## Material provided:
_____

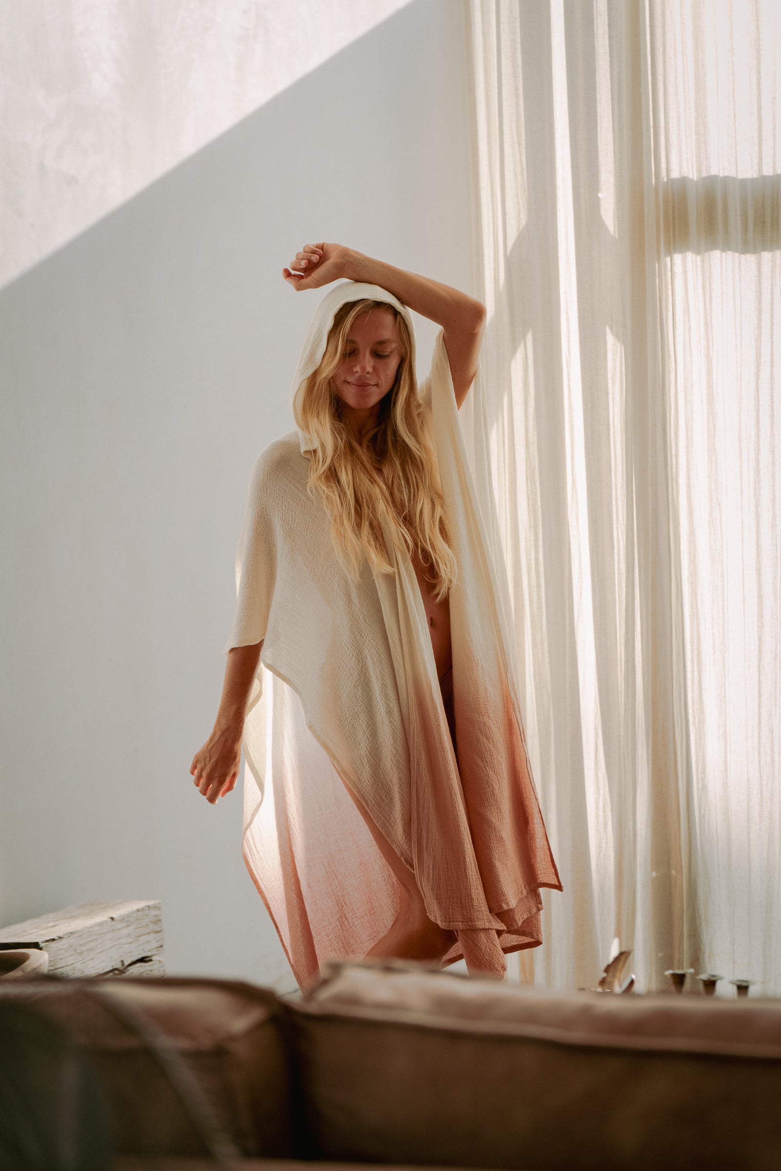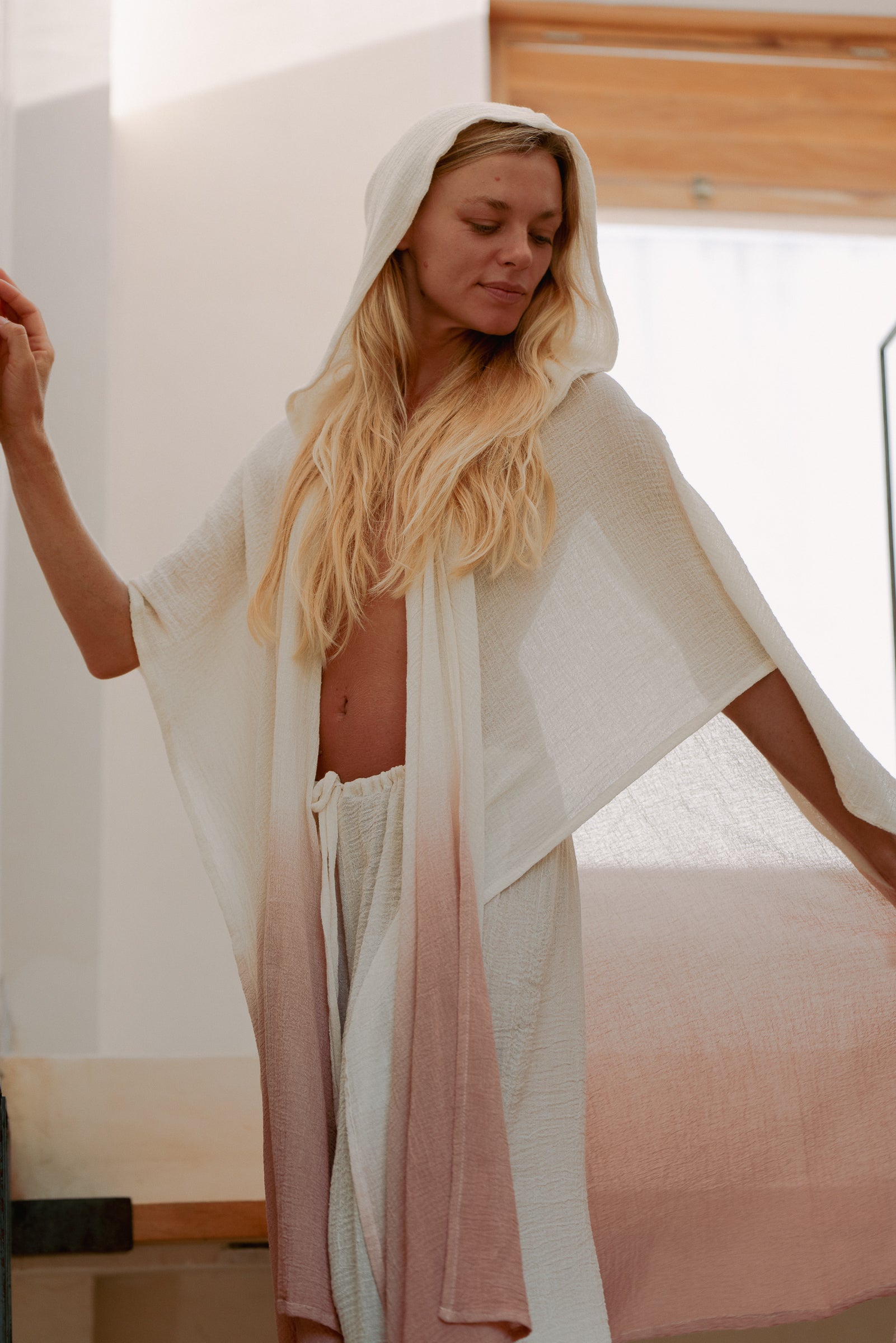 Wrap yourself in whimsy with the Capa Utopia, a hand dyed hooded cape crafted from soft cotton gauze. Light and airy, it adds a splash of playful color to any outfit while keeping you cozy and comfortable. Perfect for those who love to blend style with a touch of artistic charm.
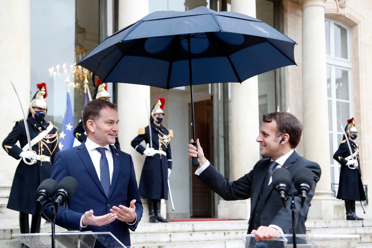 Francúzsky prezident vyhlásil, že vzťahy Francúzska a SR sú založené na rovnakých hodnotách, opierajúcich sa o zásady právneho štátu a slobody tlače. Ocenil nasadenie, s akým sa Matovič pustil do reformy a očisty justície a do boja proti korupcii i zneužívaniu prostriedkov EÚ.
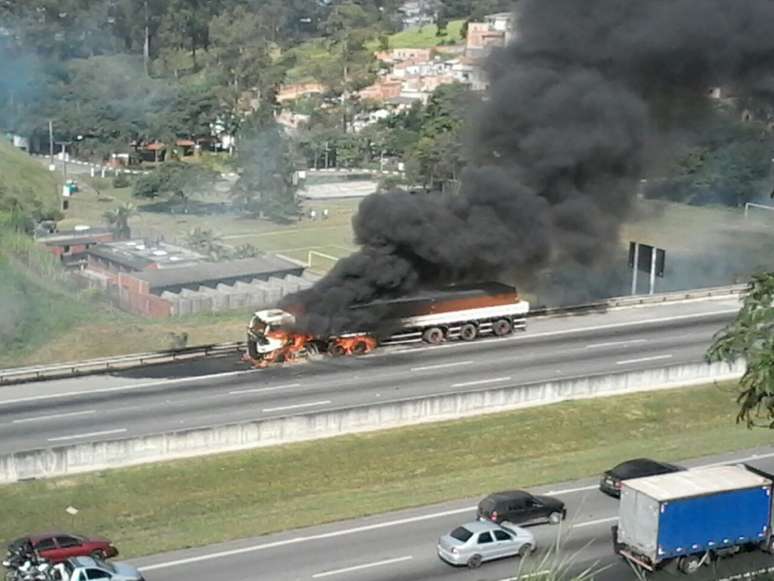 Um caminhão pegou fogo na manhã desta sexta-feira (22) na altura do quilômetro 27,5 da rodovia Ayrton Senna, próximo ao bairro dos Pimentas, em Guarulhos (SP). O incêndio começou por volta das 10h30 e bloqueou todas as faixas da via no sentido interior. O veículo estava no acostamento.

_____

## Task brief:
Pictures aside, repeat every line of the data above exactly.

## Solution to the problem:
 Wrap yourself in whimsy with the Capa Utopia, a hand dyed hooded cape crafted from soft cotton gauze. Light and airy, it adds a splash of playful color to any outfit while keeping you cozy and comfortable. Perfect for those who love to blend style with a touch of artistic charm.
 Francúzsky prezident vyhlásil, že vzťahy Francúzska a SR sú založené na rovnakých hodnotách, opierajúcich sa o zásady právneho štátu a slobody tlače. Ocenil nasadenie, s akým sa Matovič pustil do reformy a očisty justície a do boja proti korupcii i zneužívaniu prostriedkov EÚ.
 Um caminhão pegou fogo na manhã desta sexta-feira (22) na altura do quilômetro 27,5 da rodovia Ayrton Senna, próximo ao bairro dos Pimentas, em Guarulhos (SP). O incêndio começou por volta das 10h30 e bloqueou todas as faixas da via no sentido interior. O veículo estava no acostamento.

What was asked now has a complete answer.